Having checked the edit log on Phases' post, that paragaph has not been edited whatsoever since the first draft.

It's an unfortunate situation, certainly. And I'm pretty annoyed too, to be honest (don't forget, I'm not being paid to be biassed here, nor being paid whatsoever ). But please, lets not misrepresent the situation by believing a third hand account of the problem rather than the quote from the site's administrator.

 

[dautley]

But please, lets not misrepresent the situation by believing a third hand account of the problem rather than the quote from the site's administrator.

I 100% agree! Just passing along what's out there so the staff knows where some of the posts in this thread are coming from.

 

[Phases]

I never said known exploit. That's a fact. Not sure where it came from but it didn't come from me.

As for the rest of the feedback - well, it is appreciated and understood, but I need to talk with others on the team about this one before I give a proper response.

Thanks..

 

[DosDawg]

well its unfortunate that you guys have to spend your time on such events. seems that as long as there is an available internet connection, we are forced to deal with such nuisances in our environments.

loved the thorough post of the notification, and you guys do a great job with the information you provide on this site, and are very effective with handling all posts and requests.

I am a fan of this site.

 

[GirlFriday]

Thank you for the notification and quick response.

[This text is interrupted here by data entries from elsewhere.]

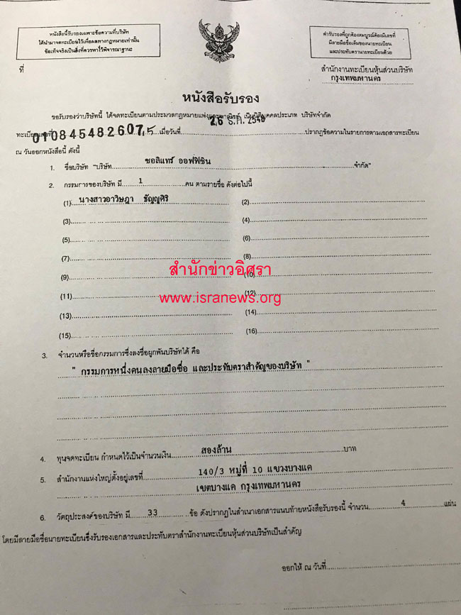 "..สำนักข่าวอิศรา ตรวจสอบข้อมูลเอกสารหลักฐานการจดทะเบียนจัดตั้งบริษัท ซอร์ลิแทร์ ออฟฟิซิน จำกัด ที่แจ้งไว้กับกรมพัฒนาธุรกิจการค้า พบว่า ในช่วงจดทะเบียนจัดตั้งเมื่อวันที่ 26 ธ.ค.2548 บริษัทฯ แจ้งทุนจดทะเบียน 2 ล้านบาท ตั้งอยู่เลขที่ 140/3 หมู่ที่ 10 แขวงบางแค เขตบางแค กทม. ปรากฏชื่อนางสาวอาวิษฎา ธัญญศิริ เป็นกรรมการผู้มีอำนาจ เป็นผู้แจ้งจองชื่อตั้งบริษัทฯ และถือหุ้นใหญ่สุด..22 มี.ค.2556 นางสาวอาวิษฎา ธัญญศิริ แจ้งลาออกจากกรรมการ ปรากฏชื่อนายสุจินต์ สว่างอารมณ์ เข้ามาเป็นกรรมการ และถือหุ้นใหญ่แทน ขณะที่จากการตรวจสอบข้อมูลงบการเงิน ปี 2556 และหมายเหตุประกอบงบการเงินของบริษัทฯ พบว่า มีการแจ้งตัวเลขรายได้ไว้ที่ 1,932,631,606.58 บาท แต่ไม่ได้ระบุที่มาของรายได้ว่ามาจากการทำธุรกิจอะไรกันแน่..."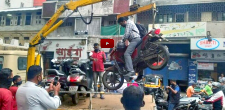 In a bizarre incident, a motorbike was towed in India’s Pune along with a rider sitting on it as it was parked in no parking area.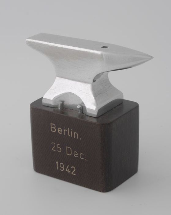 Miniatuur aambeeld van aluminium op bakelieten sokke...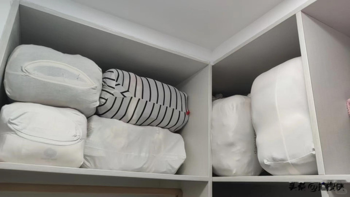 不穿的旧t恤可以将t恤直接套在被子当做被子收纳袋。放在衣柜当中不占地方又可以防尘。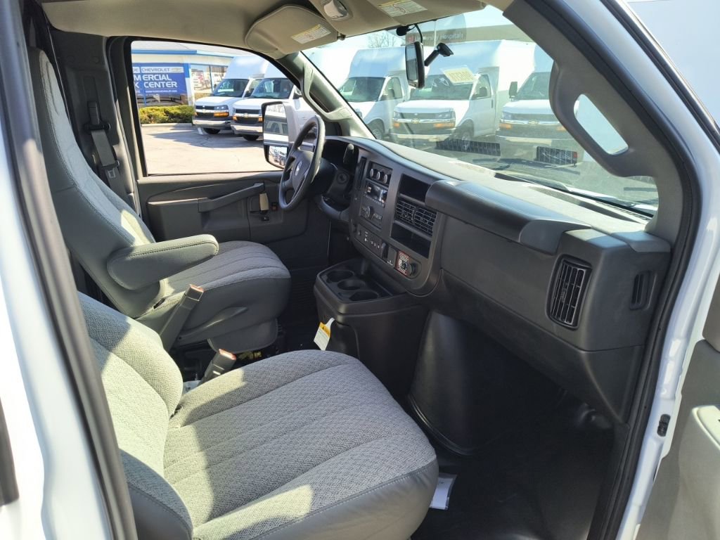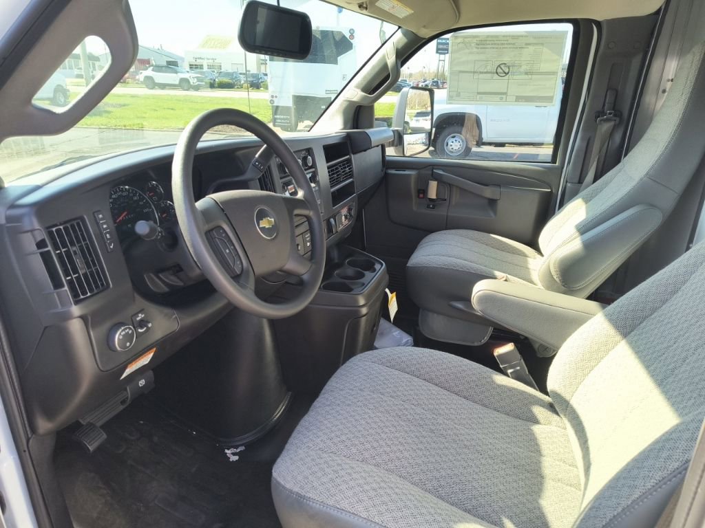 Summit White 2026 Chevrolet Express 3500 Work Van Cutaway RWD 8-Speed Automatic 6.6L V8 2 Speakers, 3.42 Rear Axle Ratio, 4-Wheel Disc Brakes, a 770 CCA Heavy-Duty Maintenance-Free Battery for those cold mornings, ABS brakes, Air Conditioning, AM/FM radio, Antenna Equipment, Black Power-Adjustable Heated Outside Mirrors, Bluetooth Phone Connection Kit, Chrome Appearance Package, Chrome Grille, Cruise Control, Delay-off headlights, Driver and Front Passenger High-Back Bucket Seats, Driver Convenience Package, Driver door bin, Driver's Seat Mounted Armrest, Dual front impact airbags, Dual front side impact airbags, Electronic Stability Control, Emergency communication system, Engine Cover Console with Swing-Out Storage Bin, Exterior Parking Camera Rear, Front anti-roll bar, Front Bucket Seats, Front Chrome Bumper with Step-Pad, Front wheel independent suspension, Fully automatic headlights, Heavy-Duty Locking Rear Differential, Inside Rearview Mirror with Rear Vision Camera Display, Low tire pressure warning, Occupant sensing airbag, Overhead airbag, Passenger cancellable airbag, Passenger door bin, Passenger seat mounted armrest, Power Convenience Package, Power Door Locks with Lock-Out Protection, Power steering, Power Windows, Preferred Equipment Group 1WT, Radio: AM/FM Stereo with MP3 Player and Digital Clock, Reclining Front Bucket Seats with Inboard Armrests, Remote Keyless Entry, Single Rear Wheel Configuration, Tachometer, Theft Alarm Notification, Tilt Steering Wheel, Traction control, Trip computer, Variably intermittent wipers, Vinyl Seat Trim, Voltmeter.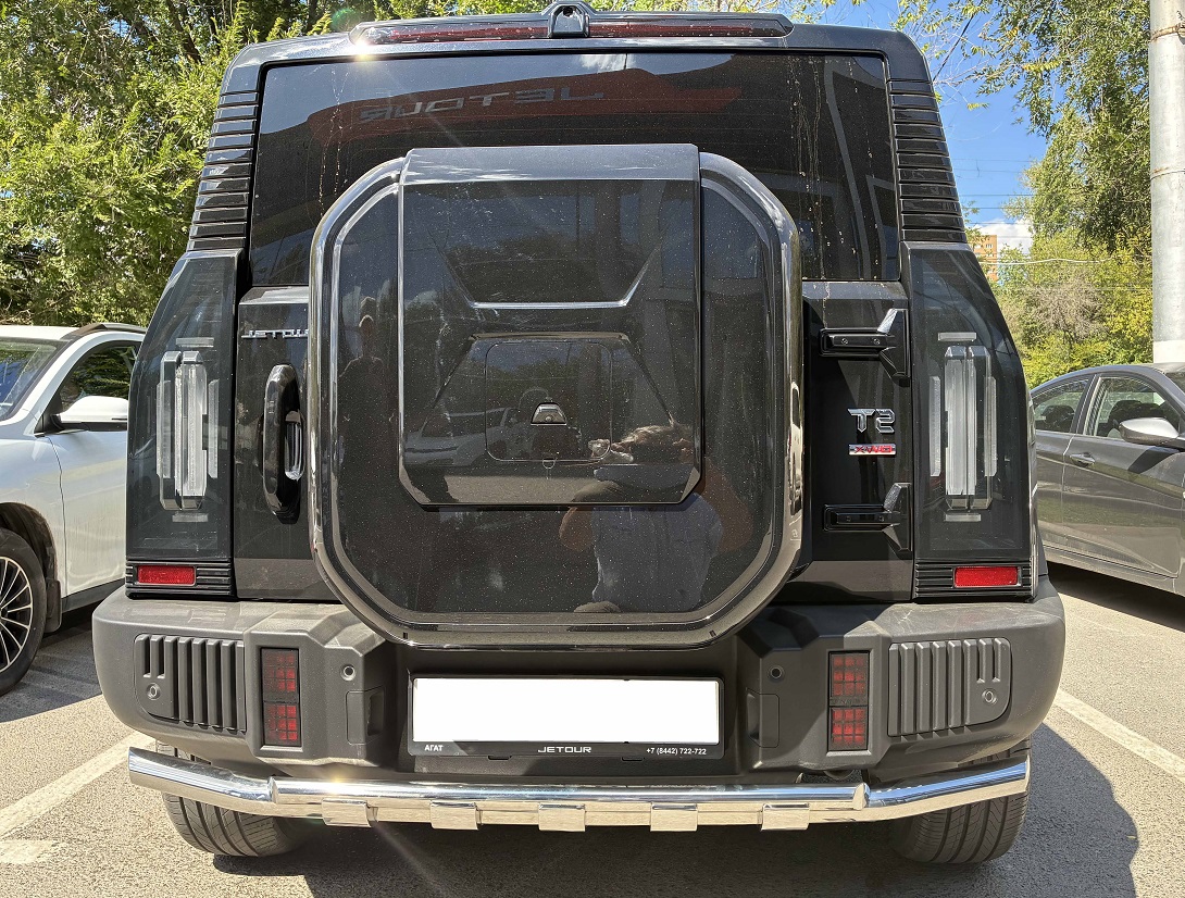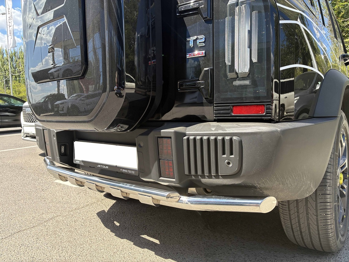 Защита заднего бампера двойная с перемычками из нержавеющей, полированной стали. Диаметр трубы 60-42 мм. Толщина стенки 1,5 мм. Марка стали AISI 304, Италия. Защита бампера подходит для автомобиля Jetour T2 с 2024 года выпуска.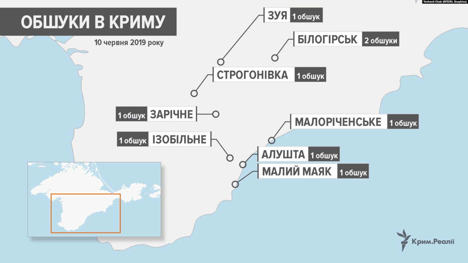Після ранкових обшуків у будинках кримських татар в Алуштинському, Білогірському та Сімферопольському районах анексованого криму 10 червня були затримані восьмеро чоловіків.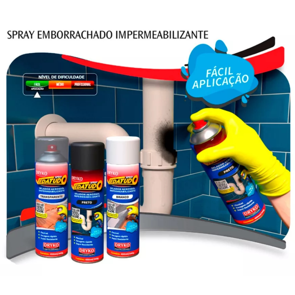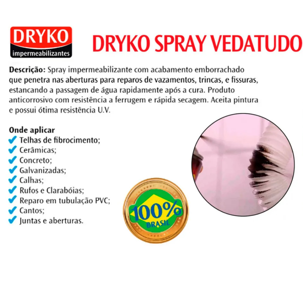 Kit 3 Sprays Emborrachados Branco Vedatudo Impermeabilizante Dryko 400ml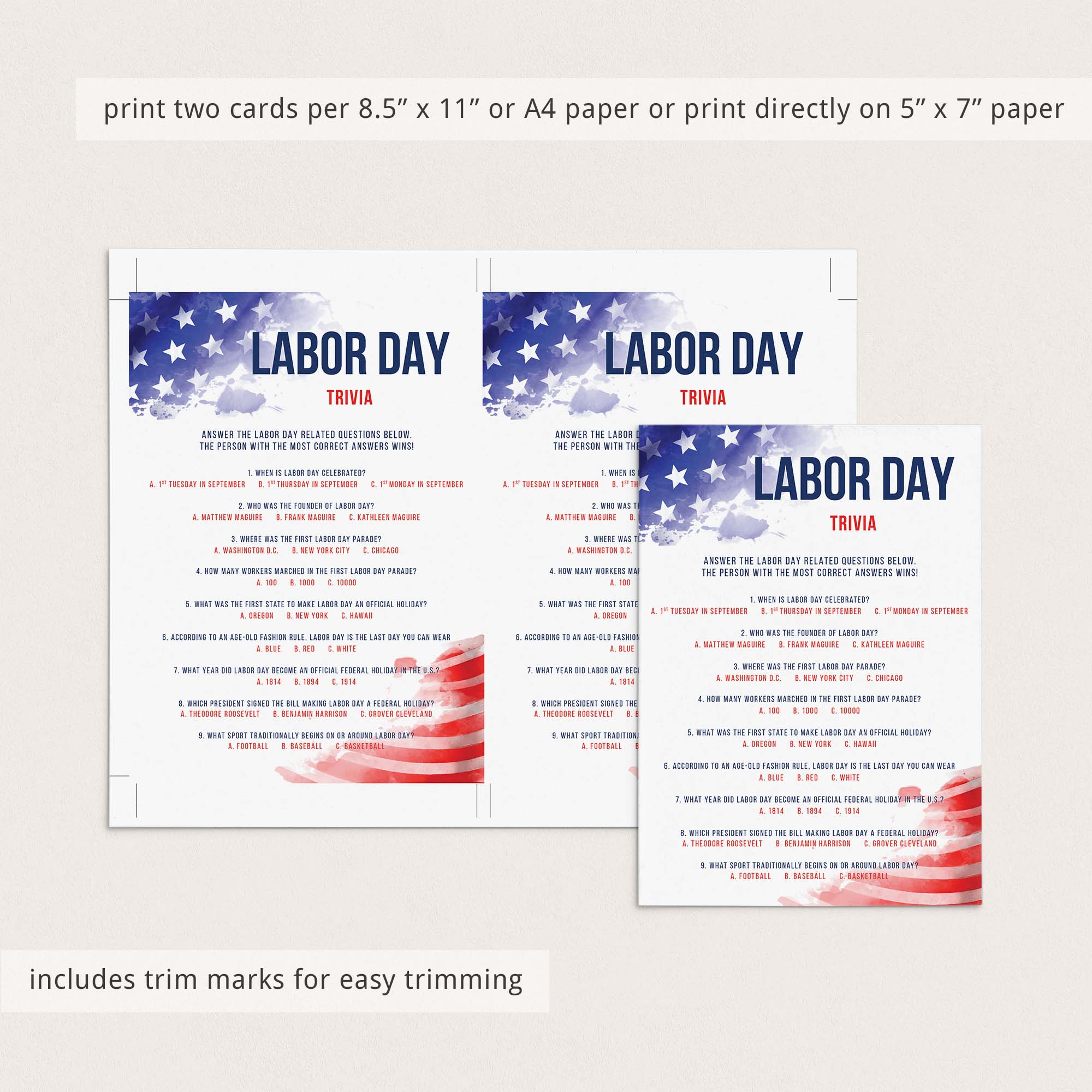 Patriotic Labor Day Party Quiz Printable Instant Download

Unfortunately these things happen. There is no such thing as a hacker proof site. I'm sorry there are so many lazy people on this site though. This thread would be only half as long if it weren't for the people who couldn't be bothered to read through the thread or search and asked "are passwords salted and/or hashed" over and over and who reported the "x amount of attempts to log in to my account what gives?" OVER and OVER. You admins must have the patience of saints to put up with it.